[INPUT Boundary: Start]

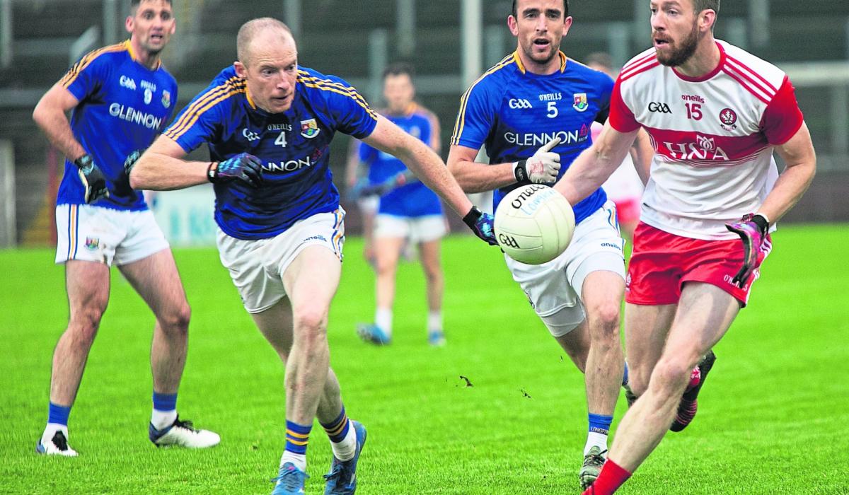 Niall Loughlin on the attack for Derry in evading the challenge of Longford defender Barry O'Farrell. Action from the 2020 National Football League Division 3 game at Celtic Park back in October
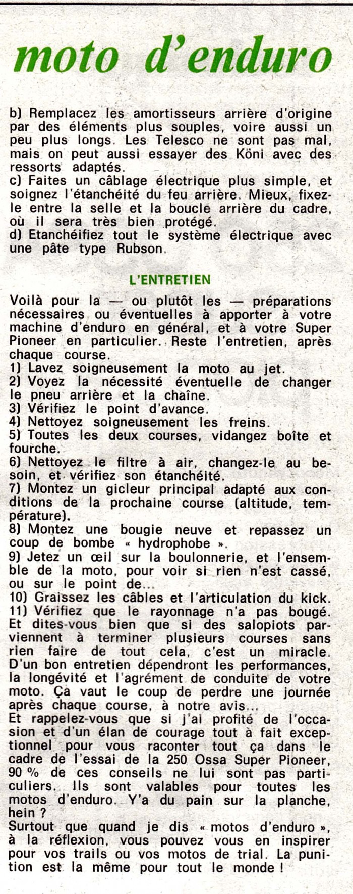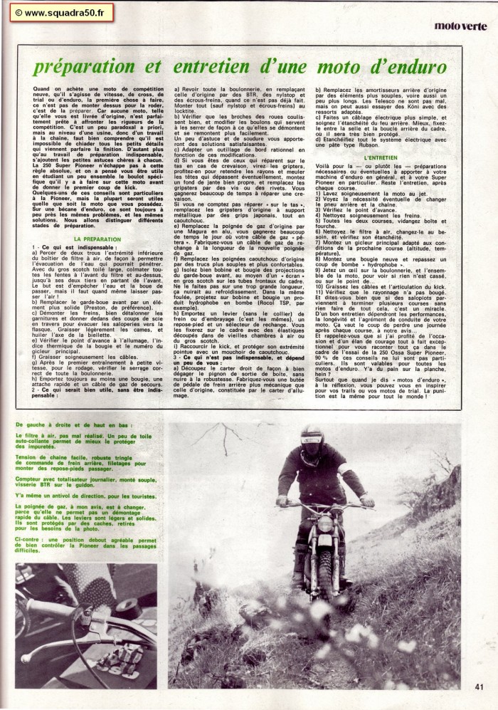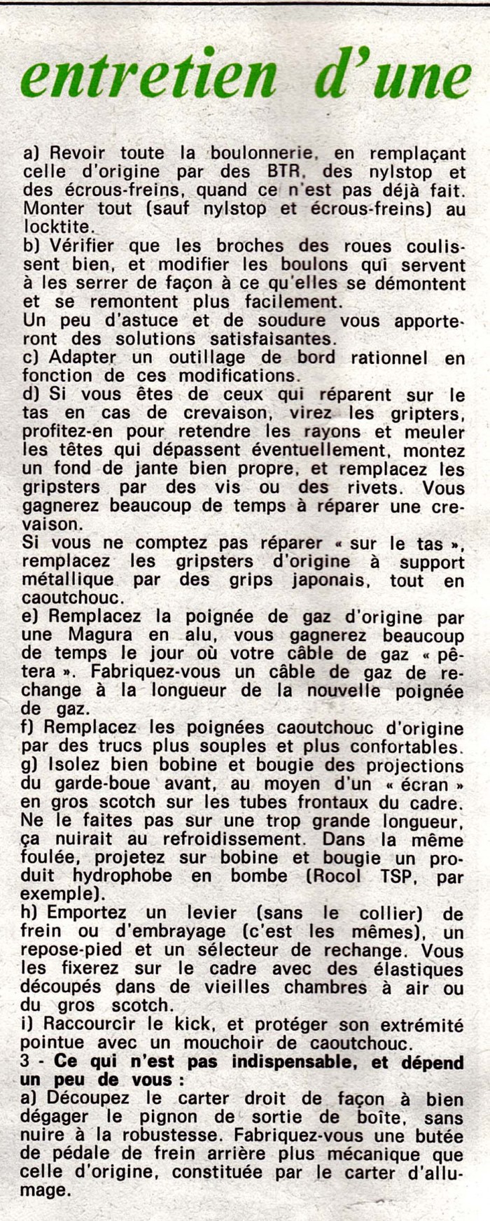PRÉPARATION ET ENTRETIEN D'UNE MOTO D'ENDURO -- MOTO VERTE ANNÉE ??
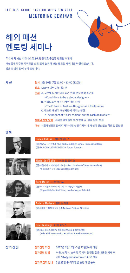 이번 세미나는 2017 F/W 헤라서울패션위크 프로그램 일환으로 우수 해외 패션 비즈니스 및 PR 전문 멘토 초청 공개 세미나다. '글로벌 디자이너가 되기 위해 갖춰야 할 조건들''직업으로서 패션디자이너의 미래''패스트 패션이 패션시장에 미치는 영향' 등 세 가지 주제의 멘토 스피치 후 자유로운 토론으로 진행된다.
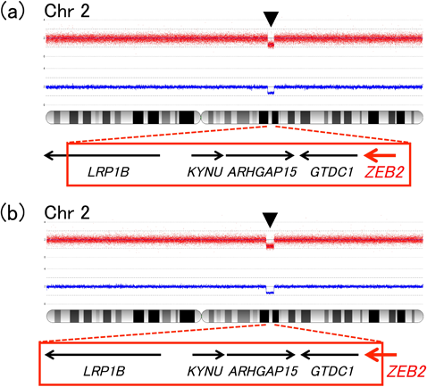 Later in life, microcephaly and severe developmental abnormalities became gradually manifest. At age 11, she still could not stand unaided and no intelligible words could be heard. In search of an etiology explaining her multiple anomalies, CMA testing was performed. CMA testing established a molecular diagnosis of MWS by revealing a 4.5 Mb deletion (arr[hg19] 2q22.1q22.3 (140,569,236–145,155,731)×1), involving exon 9–10 of the ZEB2 gene (Fig. 2(b)). Parental testing confirmed de novo occurrence of the deletion.
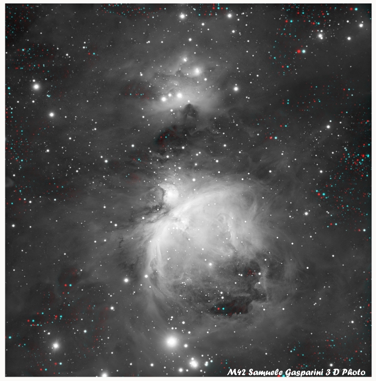 Ho realizzato una serie di immagini come esperimento applicando la tecnica per la realizzazione di immagini 3D ad immagini astronomiche, in questo caso ad una mia immagine di luminanza ripresa l’anno scorso di M42 con lo Skywacher 80 ed e la Moravian G2-4000. La foto va vista con i classici occhialini anaglifici Rosso-Ciano per ottenere una cartolina effetto 3D. S. Gasparini www.astrobook.it
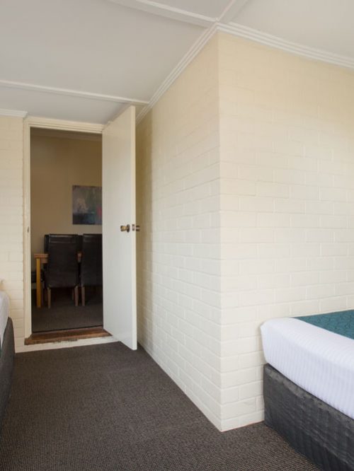 Main room with sofa, TV, table and chairs and air-conditioning/heating. First bedroom with King bed. Second bedroom with three single beds. Third bedroom with double bed. Alcove with 2 single beds. Ensuite Bathroom and fully equipped separate kitchen.
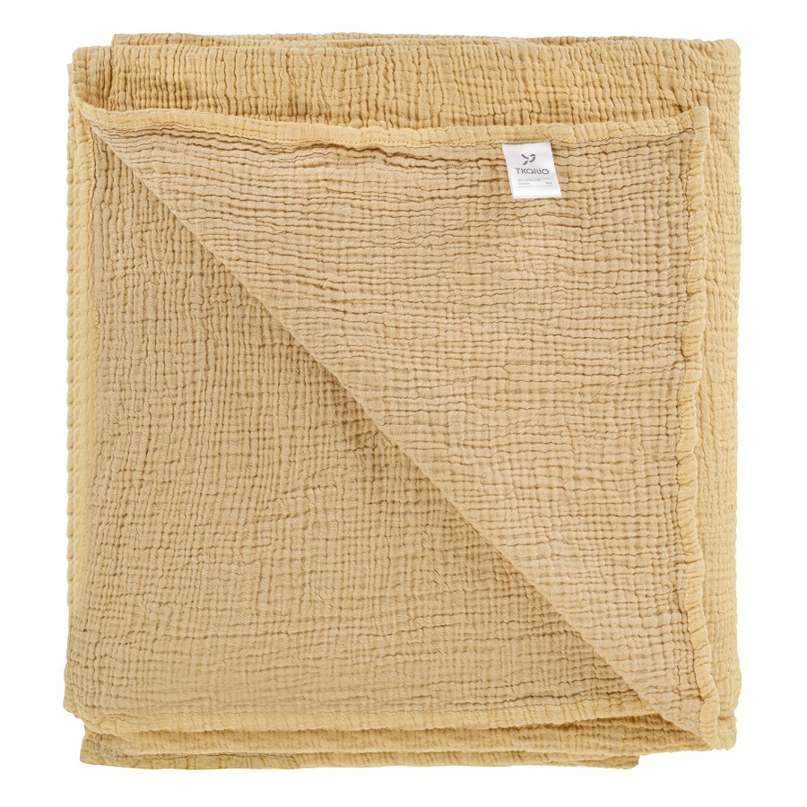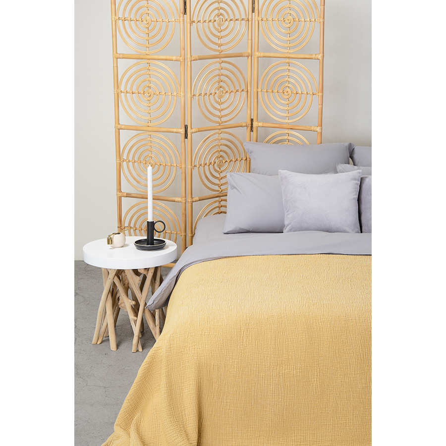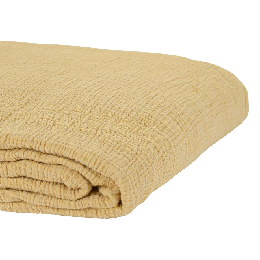 Покрывало из жатого хлопка горчичного цвета из коллекции Essential, 230х250 см
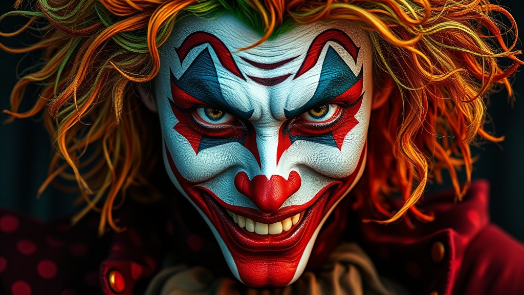 A close-up portrait of a jester character, Caucasian, adult male, with imaginative, dynamic makeup. His eyes are piercing and full of energy, accentuated by a cunning grin. His face is painted with bold reds, vivid oranges, and electric blues, forming a kaleidoscope of chaos. His wild, tangled hair, a blend of vibrant green and golden hues, frames his face like a fiery crown. He dons a richly textured, deep crimson outfit with intricate patterns that intertwine with the vibrant colors of his makeup. Dramatic lighting highlights the makeup details and facial textures, lending an intimate atmosphere to the composition. The image possesses a painterly, graphic quality, with a focus on expressive character and striking color contrasts. The tightly framed composition draws the viewer into a captivating, emotionally resonant scene. The artist masterfully blends color and texture to craft an iconic, unforgettable image. Style: graphic novel, comic artistry, cinematic poster.
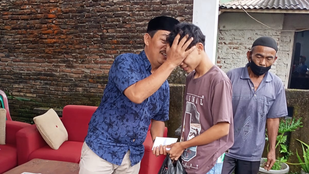 Caption :. Udi Kades Mekarjaya ketika memberikan santunan
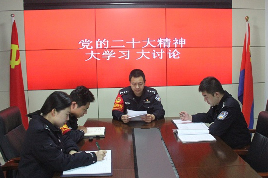 12月15日上午,锡林浩特铁路公安处商都车站派出所组织全体民警开展党的二十大精神“大学习、大讨论”。
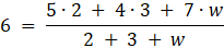 Dany jest zbiór 5, 4, 7 o wagach odpowiednio 2, 3 w. Jego średnia jest równa 6, znajdź w.
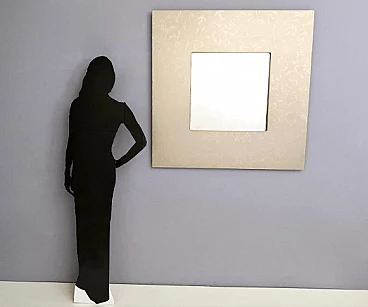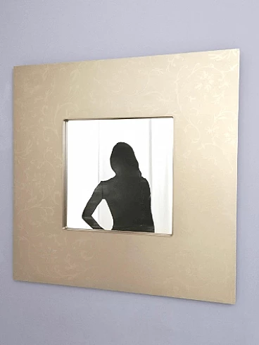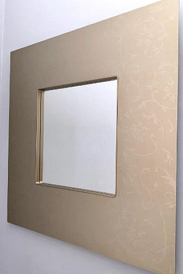 Specchio da parete quadrato con cornice in metallo, anni '80
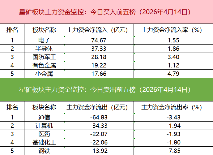 板塊資金流出方面,通信板塊主力資金凈流出居首。
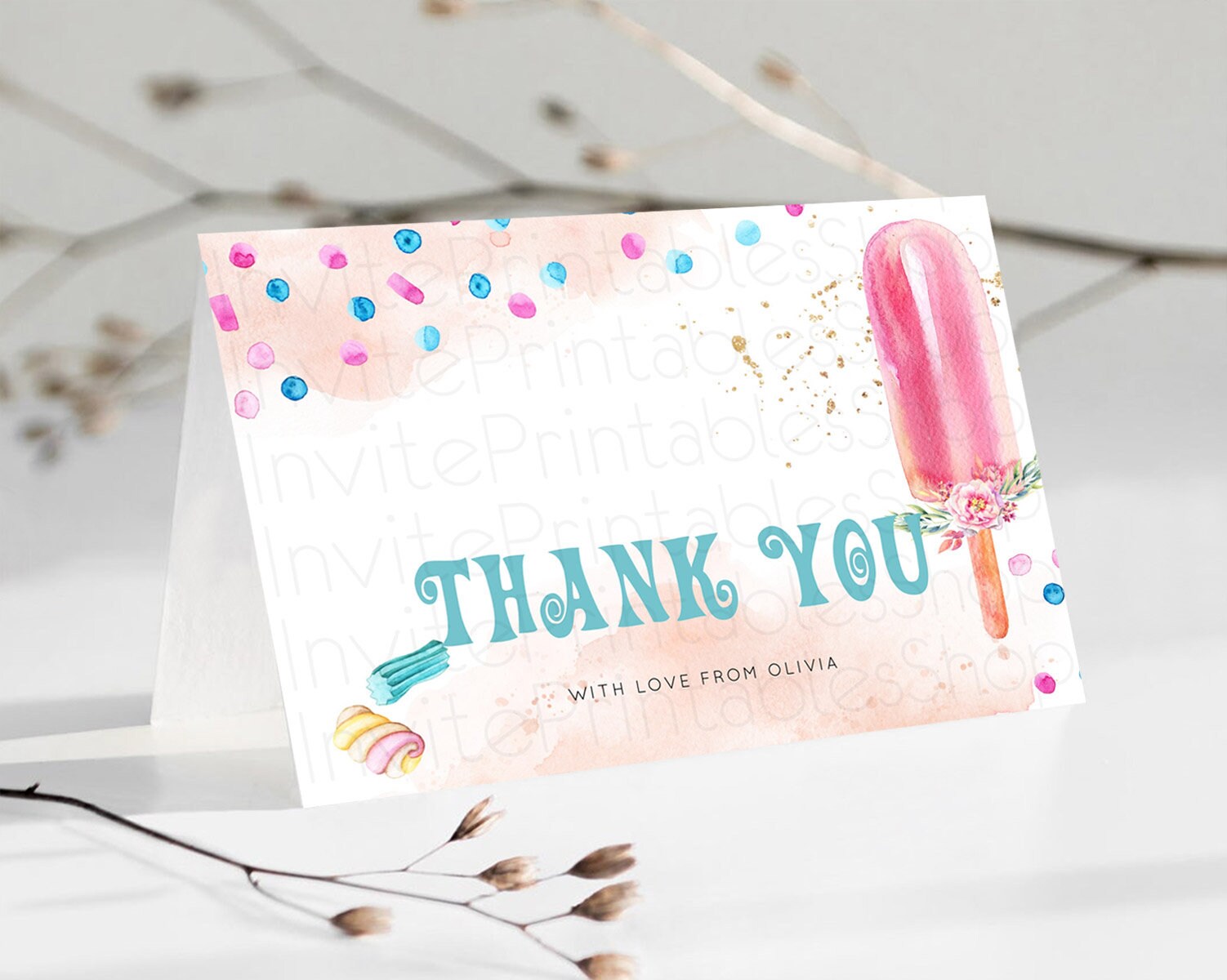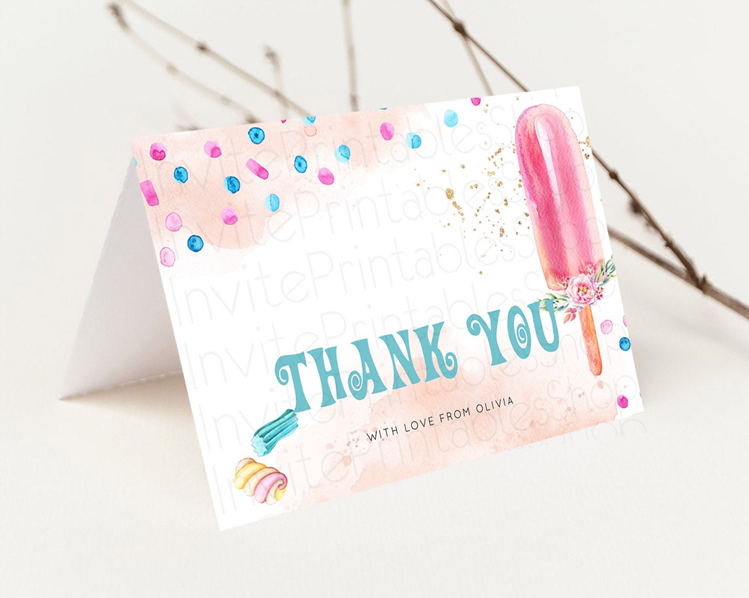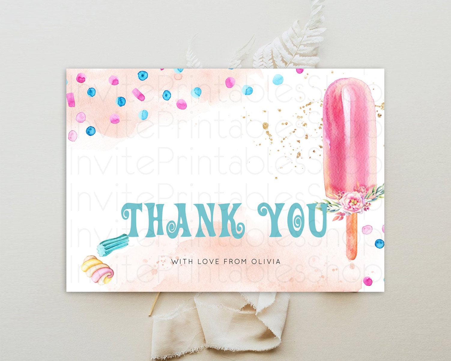 Ice Cream Thank You Sweet One Thank You Card Heres The Scoop Decor Pastel Candy Birthday Thank You Card Candy Teacher Thank You Card D10554

[INPUT Boundary: End]

EXERCISE DIRECTIONS:
Excerpt from the records above: set down only the lines from the one that contains "Later in life, microcephaly" through the one that contains "Покрывало из жатого", inclusive, word for word. Pictures stay out.

EXERCISE SOLUTION:
 Later in life, microcephaly and severe developmental abnormalities became gradually manifest. At age 11, she still could not stand unaided and no intelligible words could be heard. In search of an etiology explaining her multiple anomalies, CMA testing was performed. CMA testing established a molecular diagnosis of MWS by revealing a 4.5 Mb deletion (arr[hg19] 2q22.1q22.3 (140,569,236–145,155,731)×1), involving exon 9–10 of the ZEB2 gene (Fig. 2(b)). Parental testing confirmed de novo occurrence of the deletion.
 Ho realizzato una serie di immagini come esperimento applicando la tecnica per la realizzazione di immagini 3D ad immagini astronomiche, in questo caso ad una mia immagine di luminanza ripresa l’anno scorso di M42 con lo Skywacher 80 ed e la Moravian G2-4000. La foto va vista con i classici occhialini anaglifici Rosso-Ciano per ottenere una cartolina effetto 3D. S. Gasparini www.astrobook.it
 Main room with sofa, TV, table and chairs and air-conditioning/heating. First bedroom with King bed. Second bedroom with three single beds. Third bedroom with double bed. Alcove with 2 single beds. Ensuite Bathroom and fully equipped separate kitchen.
 Покрывало из жатого хлопка горчичного цвета из коллекции Essential, 230х250 см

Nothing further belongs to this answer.